====== Supplied entries ======

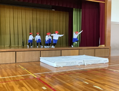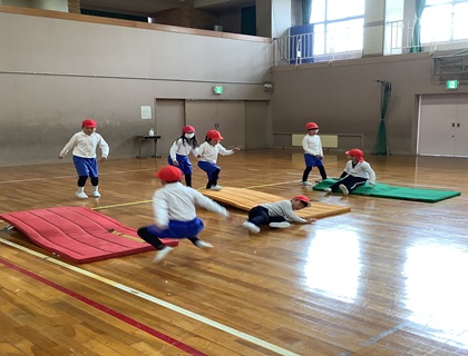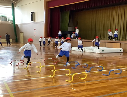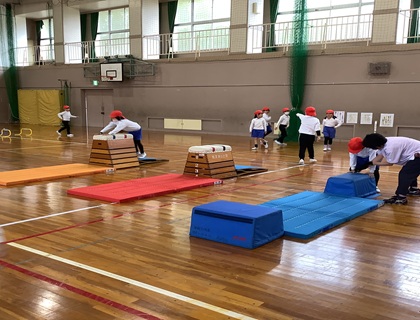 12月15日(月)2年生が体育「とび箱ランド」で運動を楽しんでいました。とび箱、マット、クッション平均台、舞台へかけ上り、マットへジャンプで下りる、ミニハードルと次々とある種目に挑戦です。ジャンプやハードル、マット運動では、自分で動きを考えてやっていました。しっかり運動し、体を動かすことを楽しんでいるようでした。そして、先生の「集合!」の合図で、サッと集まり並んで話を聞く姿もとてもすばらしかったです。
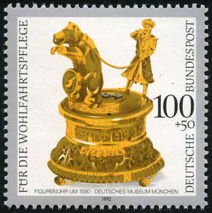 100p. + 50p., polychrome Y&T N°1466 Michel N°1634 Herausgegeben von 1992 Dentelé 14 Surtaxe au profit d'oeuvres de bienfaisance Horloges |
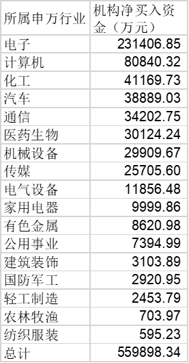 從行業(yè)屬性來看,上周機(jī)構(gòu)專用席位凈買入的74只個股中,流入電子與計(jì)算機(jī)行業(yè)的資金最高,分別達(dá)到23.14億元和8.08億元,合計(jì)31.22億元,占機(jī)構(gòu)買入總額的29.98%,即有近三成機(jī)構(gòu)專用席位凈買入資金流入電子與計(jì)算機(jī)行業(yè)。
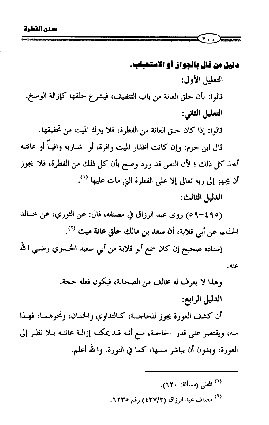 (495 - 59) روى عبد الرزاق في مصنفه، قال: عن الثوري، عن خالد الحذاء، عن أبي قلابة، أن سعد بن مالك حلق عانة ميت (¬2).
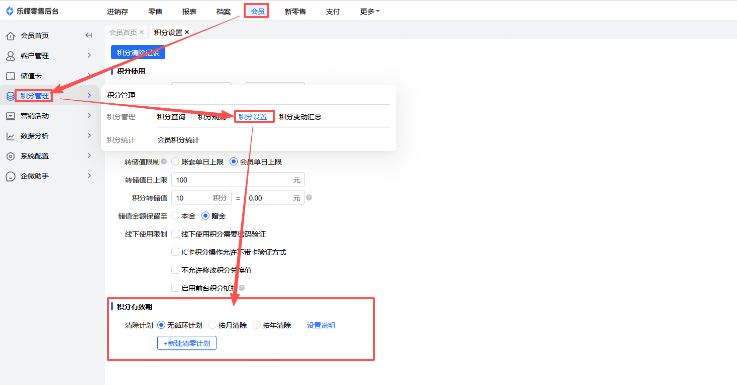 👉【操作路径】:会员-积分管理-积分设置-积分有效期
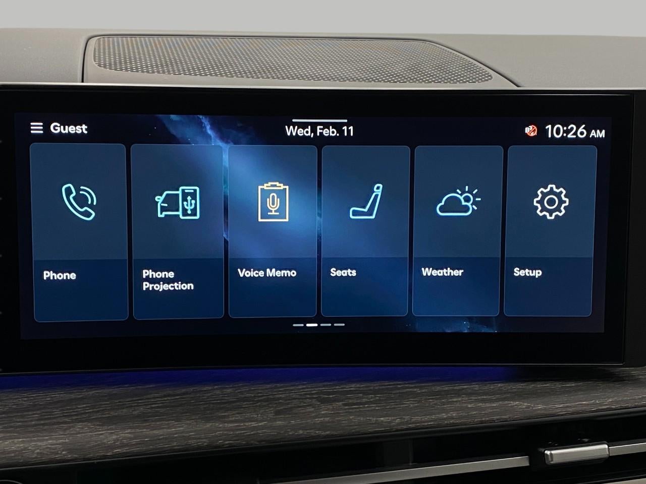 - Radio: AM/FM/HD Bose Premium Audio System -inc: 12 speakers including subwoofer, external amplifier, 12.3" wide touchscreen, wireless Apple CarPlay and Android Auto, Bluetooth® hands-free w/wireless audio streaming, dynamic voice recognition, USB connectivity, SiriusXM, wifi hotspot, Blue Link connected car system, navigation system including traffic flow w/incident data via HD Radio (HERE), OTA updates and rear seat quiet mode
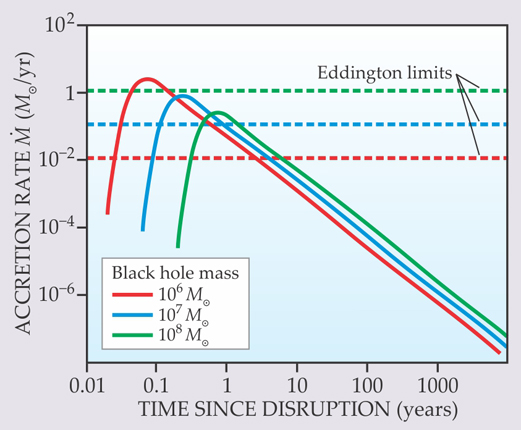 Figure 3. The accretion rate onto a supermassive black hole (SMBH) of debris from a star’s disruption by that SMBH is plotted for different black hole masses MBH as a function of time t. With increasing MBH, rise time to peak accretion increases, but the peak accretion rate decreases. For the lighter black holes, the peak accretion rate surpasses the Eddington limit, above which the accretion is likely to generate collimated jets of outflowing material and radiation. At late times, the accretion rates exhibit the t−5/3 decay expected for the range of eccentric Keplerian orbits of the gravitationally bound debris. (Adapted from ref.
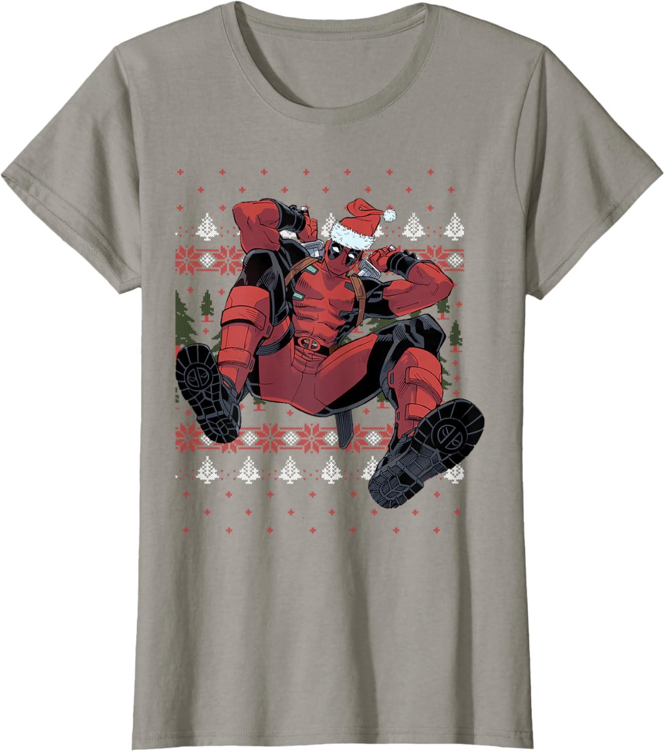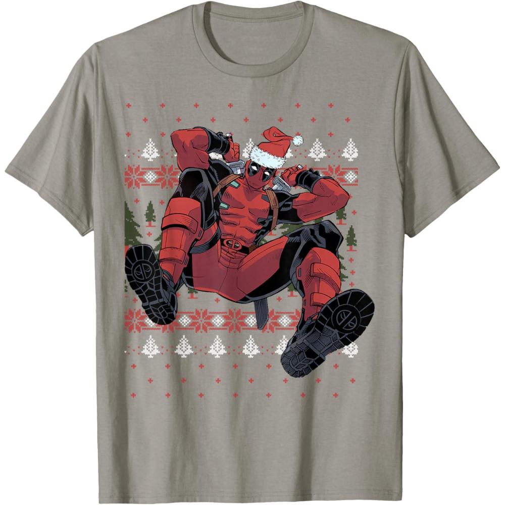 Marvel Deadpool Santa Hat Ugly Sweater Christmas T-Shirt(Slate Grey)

======

Assignment: Repeat each line of the listing word for word, from the first through the line that contains "100p. + 50p., polychrome". Any picture stays out.

Your solution:
 12月15日(月)2年生が体育「とび箱ランド」で運動を楽しんでいました。とび箱、マット、クッション平均台、舞台へかけ上り、マットへジャンプで下りる、ミニハードルと次々とある種目に挑戦です。ジャンプやハードル、マット運動では、自分で動きを考えてやっていました。しっかり運動し、体を動かすことを楽しんでいるようでした。そして、先生の「集合!」の合図で、サッと集まり並んで話を聞く姿もとてもすばらしかったです。
 100p. + 50p., polychrome Y&T N°1466 Michel N°1634 Herausgegeben von 1992 Dentelé 14 Surtaxe au profit d'oeuvres de bienfaisance Horloges |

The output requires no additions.